* _YOUR ASSIGNMENT_
Retype nothing except the lines below from the one with "Coffee Table w" through the one with "นายประเทศ ตันกุรานันท์ รองประธานเจ้าหน้าที่บริหารกลุ่มเทคโนโลยี", exactly, with images left out.

* _RECORDED DATA_
================

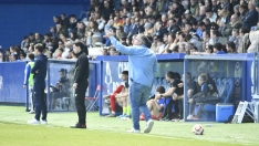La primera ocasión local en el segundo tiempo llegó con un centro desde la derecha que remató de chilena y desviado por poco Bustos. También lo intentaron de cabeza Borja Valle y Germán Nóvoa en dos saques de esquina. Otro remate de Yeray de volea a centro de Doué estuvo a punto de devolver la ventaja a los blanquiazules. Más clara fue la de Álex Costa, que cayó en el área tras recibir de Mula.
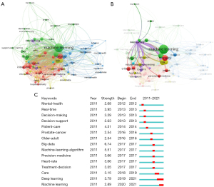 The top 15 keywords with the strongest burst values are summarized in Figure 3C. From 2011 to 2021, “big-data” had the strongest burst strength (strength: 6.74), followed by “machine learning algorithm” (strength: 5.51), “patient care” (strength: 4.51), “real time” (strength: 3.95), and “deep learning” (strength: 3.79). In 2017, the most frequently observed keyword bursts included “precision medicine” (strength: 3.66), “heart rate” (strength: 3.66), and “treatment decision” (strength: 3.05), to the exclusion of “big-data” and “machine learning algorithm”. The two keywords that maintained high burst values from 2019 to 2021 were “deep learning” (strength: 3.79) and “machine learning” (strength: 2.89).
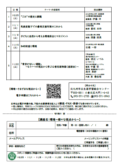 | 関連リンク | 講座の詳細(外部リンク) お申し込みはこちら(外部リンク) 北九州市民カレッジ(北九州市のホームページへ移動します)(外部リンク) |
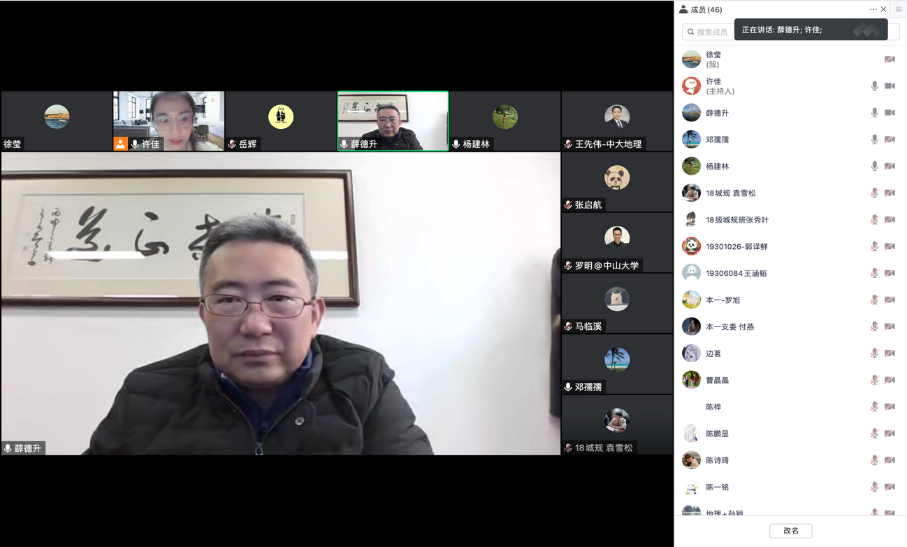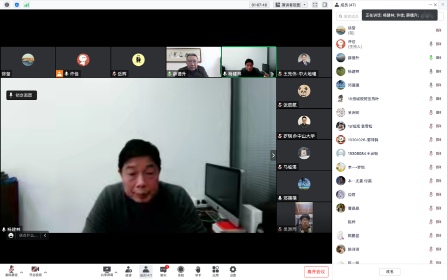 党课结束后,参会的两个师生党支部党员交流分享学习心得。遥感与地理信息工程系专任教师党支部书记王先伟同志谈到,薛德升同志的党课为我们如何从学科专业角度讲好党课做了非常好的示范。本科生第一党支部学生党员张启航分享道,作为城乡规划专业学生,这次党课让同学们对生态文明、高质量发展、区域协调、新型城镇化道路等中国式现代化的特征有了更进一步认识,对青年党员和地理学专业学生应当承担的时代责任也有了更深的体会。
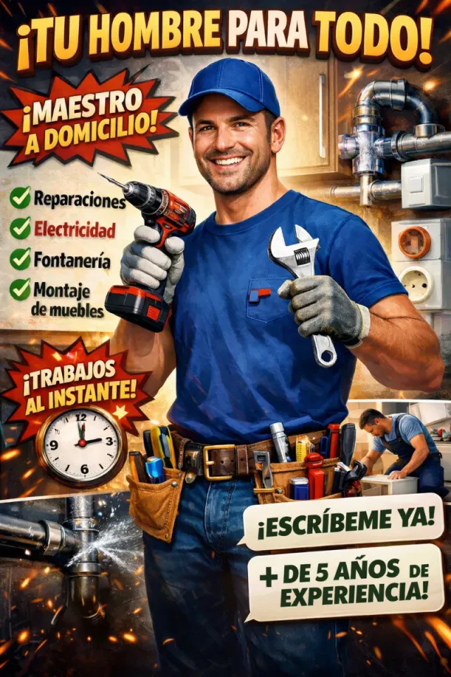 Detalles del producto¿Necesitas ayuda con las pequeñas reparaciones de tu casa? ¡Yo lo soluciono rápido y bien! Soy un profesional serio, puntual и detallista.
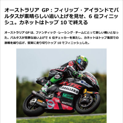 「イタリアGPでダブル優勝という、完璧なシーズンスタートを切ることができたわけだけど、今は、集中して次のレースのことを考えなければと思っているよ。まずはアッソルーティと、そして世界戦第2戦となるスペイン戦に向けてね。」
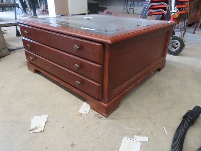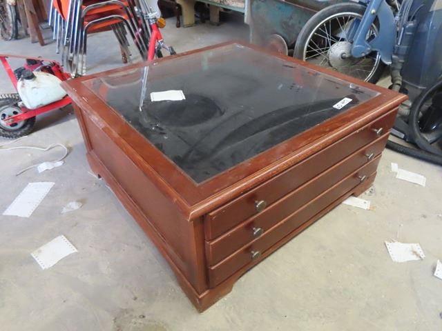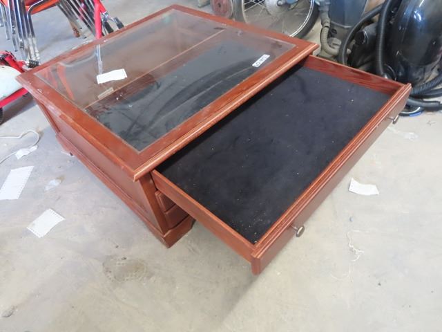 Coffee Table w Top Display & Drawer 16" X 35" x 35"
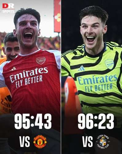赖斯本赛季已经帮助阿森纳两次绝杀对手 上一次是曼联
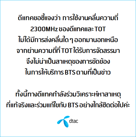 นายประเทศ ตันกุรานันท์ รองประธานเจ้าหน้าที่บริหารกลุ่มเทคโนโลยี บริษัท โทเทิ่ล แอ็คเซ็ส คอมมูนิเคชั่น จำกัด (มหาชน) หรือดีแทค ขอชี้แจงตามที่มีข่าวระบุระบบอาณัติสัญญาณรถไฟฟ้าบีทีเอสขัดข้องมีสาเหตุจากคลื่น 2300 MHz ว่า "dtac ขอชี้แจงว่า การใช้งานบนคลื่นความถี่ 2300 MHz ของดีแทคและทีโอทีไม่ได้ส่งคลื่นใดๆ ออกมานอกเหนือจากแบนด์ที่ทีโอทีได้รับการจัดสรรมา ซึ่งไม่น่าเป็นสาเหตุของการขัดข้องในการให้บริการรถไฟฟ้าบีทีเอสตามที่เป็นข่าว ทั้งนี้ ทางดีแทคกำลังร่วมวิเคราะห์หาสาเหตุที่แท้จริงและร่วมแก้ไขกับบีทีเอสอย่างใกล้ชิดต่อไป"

================

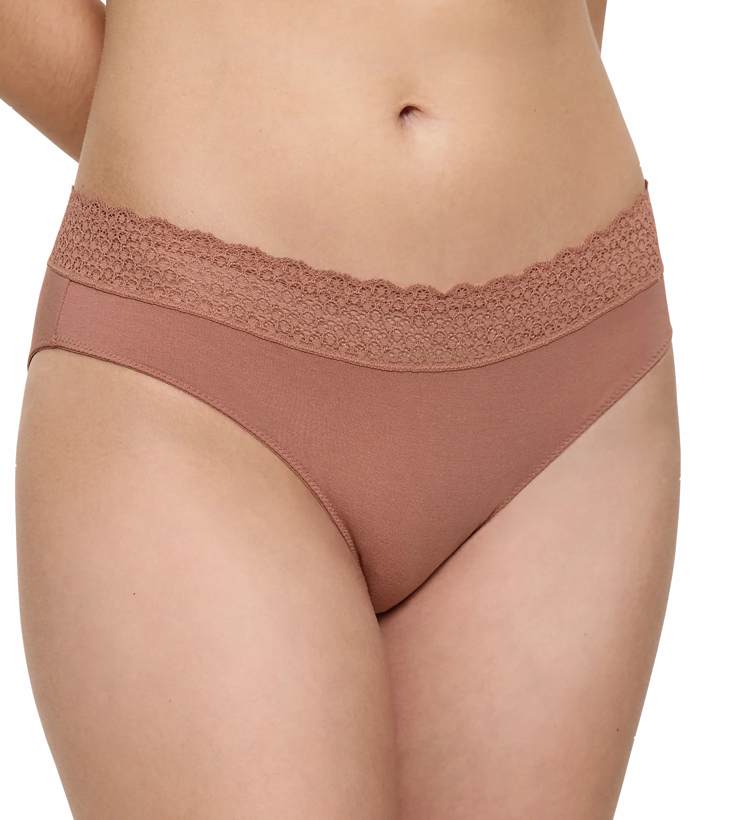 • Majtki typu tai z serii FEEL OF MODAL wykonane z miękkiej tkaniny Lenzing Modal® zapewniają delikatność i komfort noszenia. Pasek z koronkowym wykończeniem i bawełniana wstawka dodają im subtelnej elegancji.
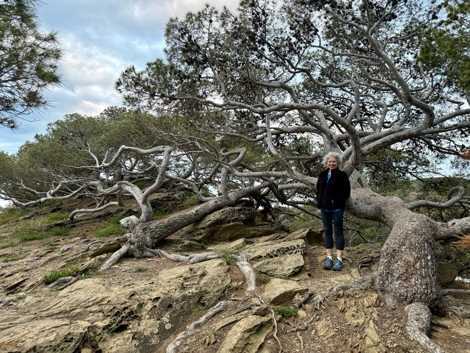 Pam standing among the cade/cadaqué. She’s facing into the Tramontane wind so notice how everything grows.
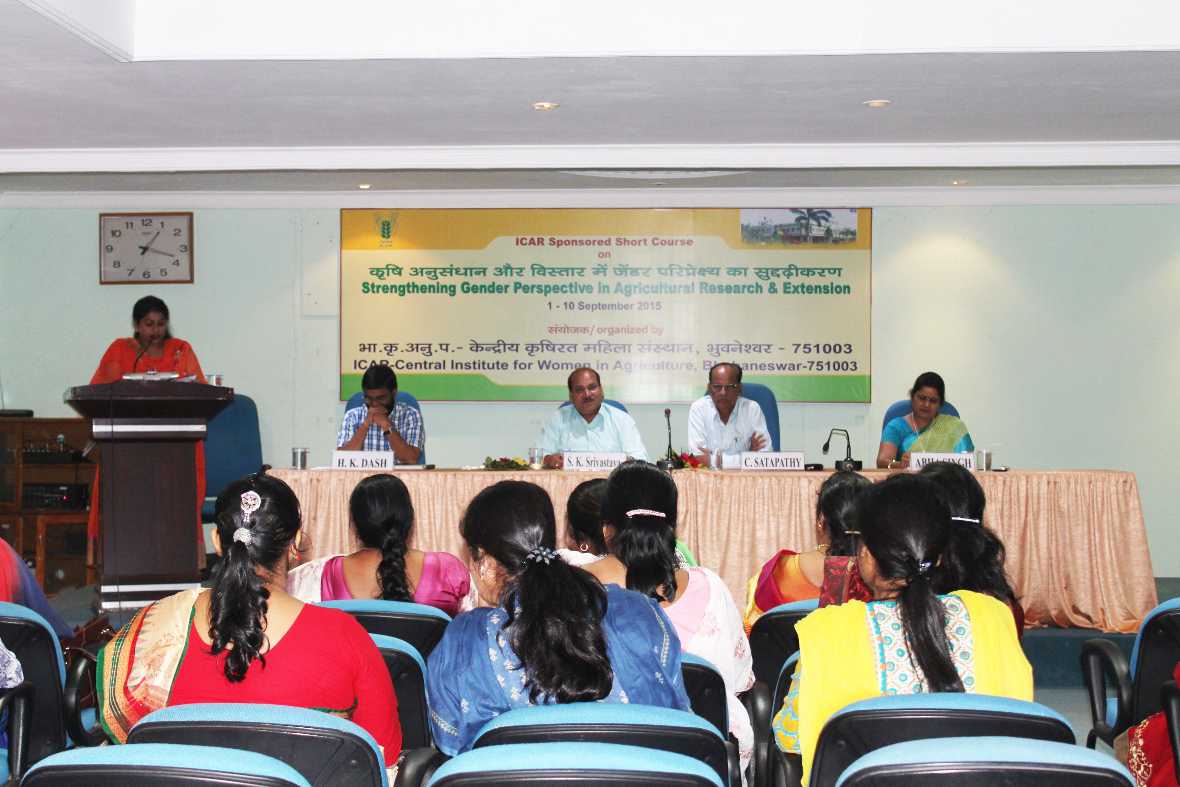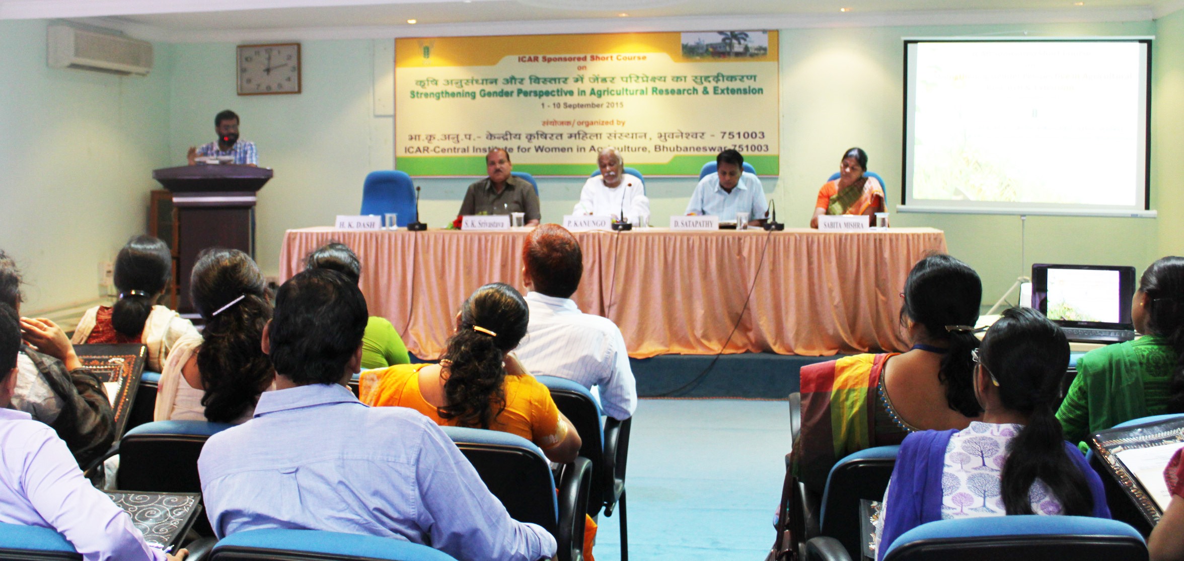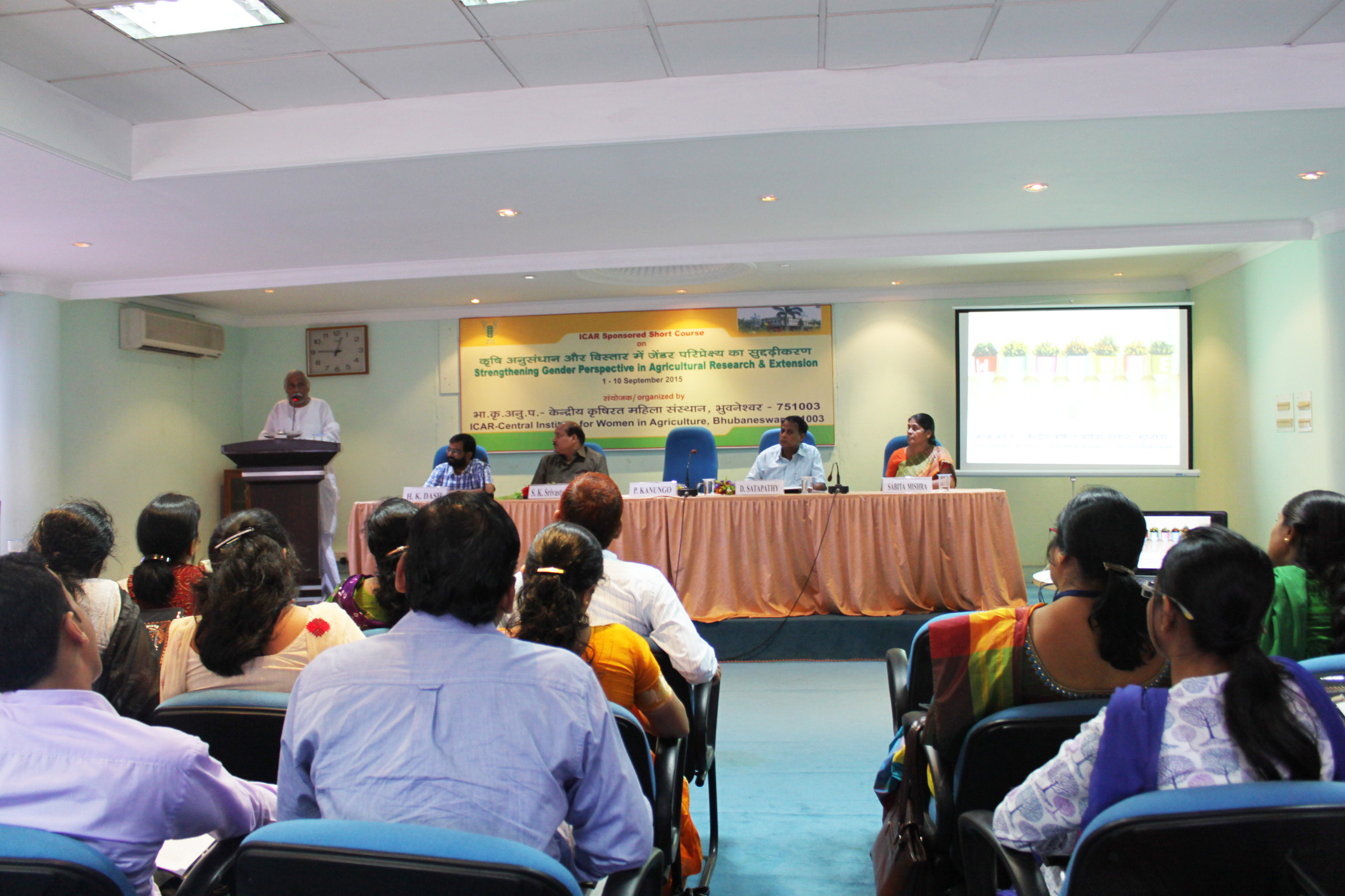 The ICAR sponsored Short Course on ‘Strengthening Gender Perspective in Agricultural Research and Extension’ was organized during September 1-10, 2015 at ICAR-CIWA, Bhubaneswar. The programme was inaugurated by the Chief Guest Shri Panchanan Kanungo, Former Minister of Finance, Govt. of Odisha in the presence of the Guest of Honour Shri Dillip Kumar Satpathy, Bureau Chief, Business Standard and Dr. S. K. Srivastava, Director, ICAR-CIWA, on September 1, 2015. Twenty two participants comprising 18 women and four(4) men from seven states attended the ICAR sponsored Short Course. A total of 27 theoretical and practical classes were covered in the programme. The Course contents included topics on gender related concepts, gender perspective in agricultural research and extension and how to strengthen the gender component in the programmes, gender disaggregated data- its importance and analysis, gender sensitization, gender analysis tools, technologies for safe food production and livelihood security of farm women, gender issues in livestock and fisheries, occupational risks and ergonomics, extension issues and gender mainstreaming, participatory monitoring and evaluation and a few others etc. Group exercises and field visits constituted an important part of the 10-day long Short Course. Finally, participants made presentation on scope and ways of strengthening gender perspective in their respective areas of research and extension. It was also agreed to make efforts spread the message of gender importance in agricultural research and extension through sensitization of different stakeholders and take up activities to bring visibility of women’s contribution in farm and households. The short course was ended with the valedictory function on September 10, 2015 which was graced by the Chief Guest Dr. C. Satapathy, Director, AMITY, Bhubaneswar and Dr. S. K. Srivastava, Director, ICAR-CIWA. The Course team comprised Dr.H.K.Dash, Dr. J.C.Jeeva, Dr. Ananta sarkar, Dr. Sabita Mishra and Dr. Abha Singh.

================

* _FINAL ANSWER_
 Coffee Table w Top Display & Drawer 16" X 35" x 35"
赖斯本赛季已经帮助阿森纳两次绝杀对手 上一次是曼联
 นายประเทศ ตันกุรานันท์ รองประธานเจ้าหน้าที่บริหารกลุ่มเทคโนโลยี บริษัท โทเทิ่ล แอ็คเซ็ส คอมมูนิเคชั่น จำกัด (มหาชน) หรือดีแทค ขอชี้แจงตามที่มีข่าวระบุระบบอาณัติสัญญาณรถไฟฟ้าบีทีเอสขัดข้องมีสาเหตุจากคลื่น 2300 MHz ว่า "dtac ขอชี้แจงว่า การใช้งานบนคลื่นความถี่ 2300 MHz ของดีแทคและทีโอทีไม่ได้ส่งคลื่นใดๆ ออกมานอกเหนือจากแบนด์ที่ทีโอทีได้รับการจัดสรรมา ซึ่งไม่น่าเป็นสาเหตุของการขัดข้องในการให้บริการรถไฟฟ้าบีทีเอสตามที่เป็นข่าว ทั้งนี้ ทางดีแทคกำลังร่วมวิเคราะห์หาสาเหตุที่แท้จริงและร่วมแก้ไขกับบีทีเอสอย่างใกล้ชิดต่อไป"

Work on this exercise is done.